June 18, 1989|WALLACE MATTHEWS | Newsday

It was 11 a.m. Thursday in the ballroom of one of Donald Trump's favorite hotels, and there was no truth to be found. No, not "T-r-u-t-h," as in Carl Williams; he had shown up a few minutes earlier to hype his July 21 fight against Mike Tyson in Atlantic City, N.J., nearly two hours late and muttering something about getting stuck in traffic.

The truth that was missing was the lower-case variety, the one sometimes followed by the words "justice and the American Way." That truth was clearly absent as Tyson and his bosom buddy, Don King, took their turns at the microphone.

King, a man shackled by his own verbiage, said "The truth shall set you free." Tyson, a man shackled by King, was floundering when asked to explain where he would be Friday night, and why.

The subject was Friday night's Boxing Writers Association of America annual awards dinner in New York, the guest of honor at which is none other than Michael G. Tyson, undisputed heavyweight champion of the world.

A few weeks ago, I wrote that Tyson, who was voted his second Edward J. Neil Award as the fighter of the year for last year, would skip the dinner on the orders of King, who resents the fact that the BWAA has never seen fit to award him its James J. Walker Award for long and meritorious service.

Thursday was the first time that I -- as president of the organization -- had the opportunity to ask Tyson face to face whether he would show up to accept boxing's equivalent of baseball's Most Valuable Player award.

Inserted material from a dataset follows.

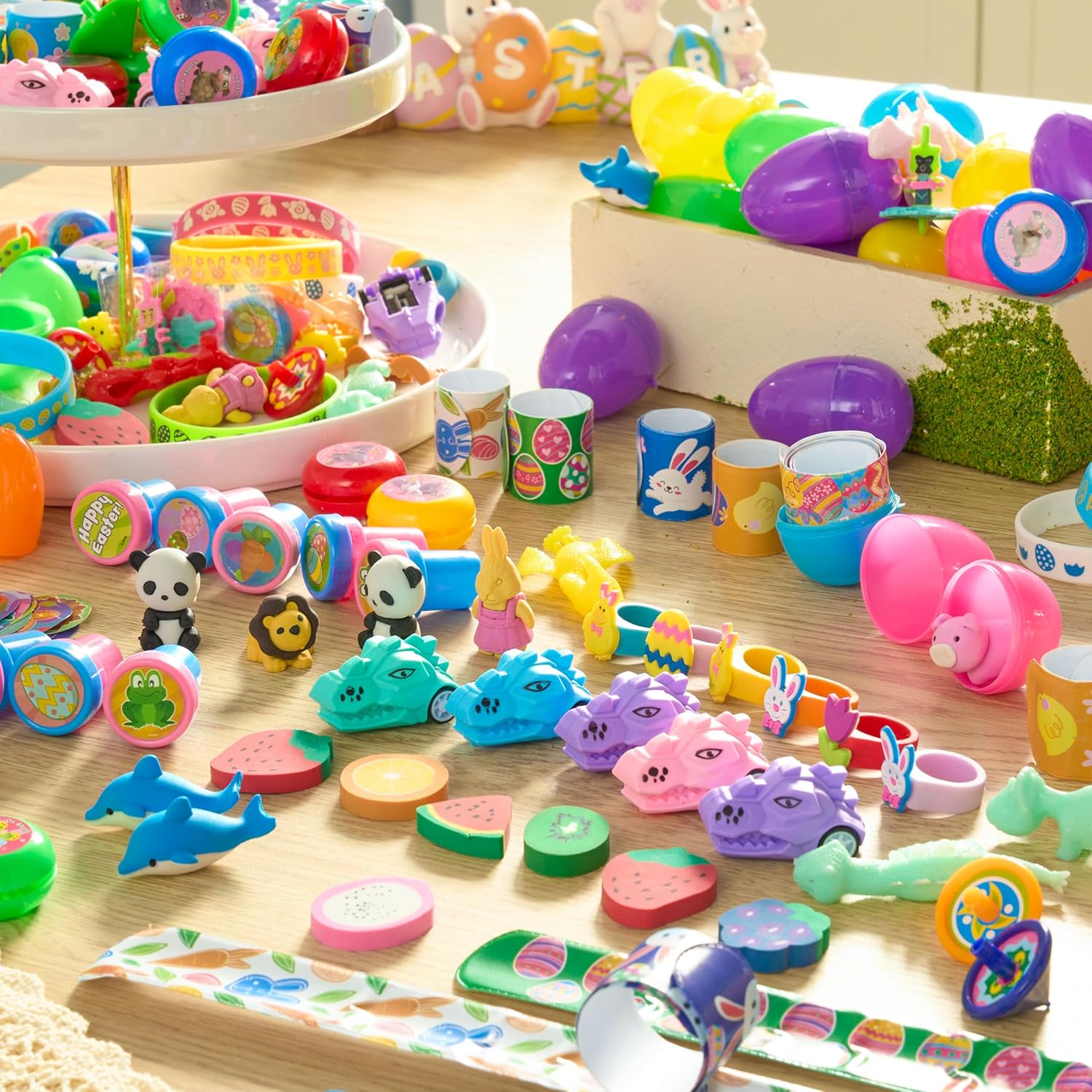 • Super Value Pack: Dive into the ultimate Easter experience with our super value pack! You'll receive 200 Packs of 2.2 inches colorful Easter Egg Shells and 200 Stickers (Toys include Bouncy Monsters,Yoyos, Building Blocks, Sticky Hands, Stamps, Pull Back Cars, Rings, Animal Erasers, Spinning Tops, Fruit Erasers, Silicone Bracelets and Slap Bracelets). It's the perfect solution for hassle-free Easter fun!

Let me emphasize that my eagerness to assure Tyson's presence at the dinner had nothing to do with ticket sales; the dinner has been oversold for weeks. The reason was simply a desire on the part of the BWAA to hand Tyson his trophy directly for a job well done.

I first tried to broach the subject with Tyson privately. I sidled up to him and asked, "Mike, are you showing up tomorrow night to pick up your award?"

A sideways stare. "No."

"Why not? It's a great honor."

"I just can't make it, man," he said, and walked away.

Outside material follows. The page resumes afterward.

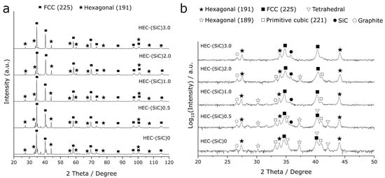 (a) X-ray diffractogram of HEC-(SiC)x composites sintered at 2000 °C (the corresponded space groups are marked in the bracket), (b) the intensities are plotted in logarithmic scale. The reduction of the number of the phases in the composites can be observed with increased SiC content.
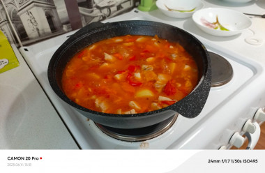 Посолите всё по вкусу, всыпьте аджику и иные любимые специи. Залейте всё водой, около одного стакана будет вполне достаточно (вместо воды можно использовать томатный сок или томатную пасту по вкусу).

Feeling somewhat unsatisfied, I decided to try again, only in the public forum of the news conference, where Tyson would not be able to run away. Or so I thought. "Mike," I began, "why have you decided not to accept the fighter of the year award from the Boxing Writers Association of America?"

Jaws dropped open on the dais. Tyson, who generally tries to keep his composure, looked for a moment as if he might club me into puppy chow. "As you know, I'm training," he snarled. "It's more important that I train than I accept the award. And when did you start caring if I accept the award or not?"

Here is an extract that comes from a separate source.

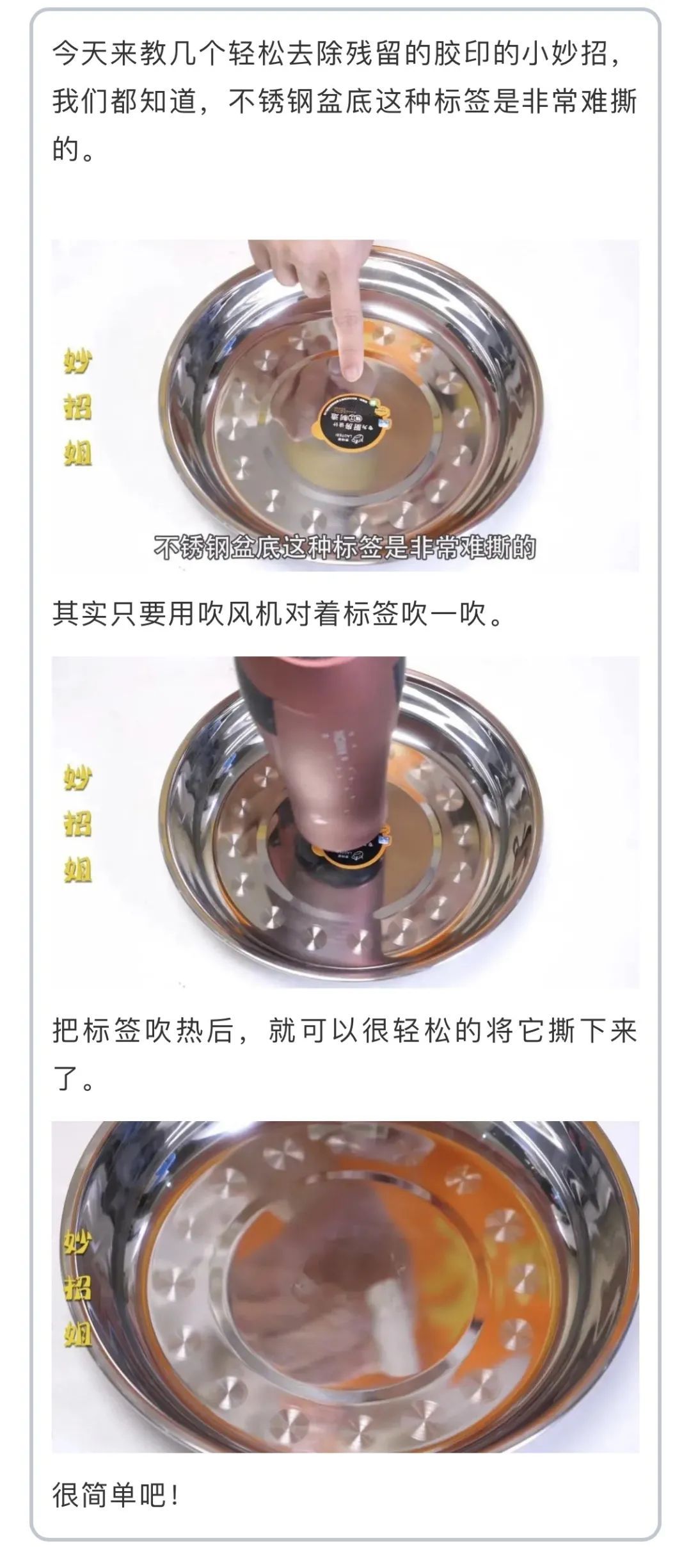 虽然用吹风机可以完整的撕下标签,但是有些标签下面还是会留下难以去除的胶印。

At this, King and his assorted flunkies in the audience began clapping and yukking it up, as if Tyson had suddenly become Henny Youngman. Encouraged, Tyson continued. "There have been other fighters who didn't show up. What's the big deal? If you're taking it personally, I don't mean it that way. Give it to someone else, if you think they deserve it. I'm not going to be there, I'm going to train."

At that, King took charge and led the conference in a different direction to insure there would be no follow-up questions. And, hence, no exposure of the truth.

But here is the truth: On Monday night, at ringside for the Sugar Ray Leonard-Thomas Hearns rematch, I was given a message by a reporter for another New York paper who has become known as a King emissary. The emissary said, "Mike has to fly back to Cleveland after the news conference Thursday morning because he has a commitment Friday morning. But he's willing to come to the dinner if you will provide transportation for him from Cleveland to New York and back again" -- meaning an athlete who earned some $30 million last year wanted a non-profit organization to pay his airfare.

The BWAA has never paid expenses for any of its honorees, not even the members of its own fraternity, boxing writers who have won its coveted Nat Fleischer Award for excellence in boxing journalism.

Throughout the 61-year history of the Neil Award, not one fighter -- not Jack Dempsey, the first winner, nor Henry Armstrong, nor Joe Louis, nor Sugar Ray Robinson, nor Rocky Marciano, nor Joe Frazier, Muhammad Ali or Sugar Ray Leonard -- has asked for so much as a nickel for coming to accept the award.

In 1972, middleweight champion Carlos Monzon paid for himself and members of his family to fly to New York from Buenos Aires to accept his award in person.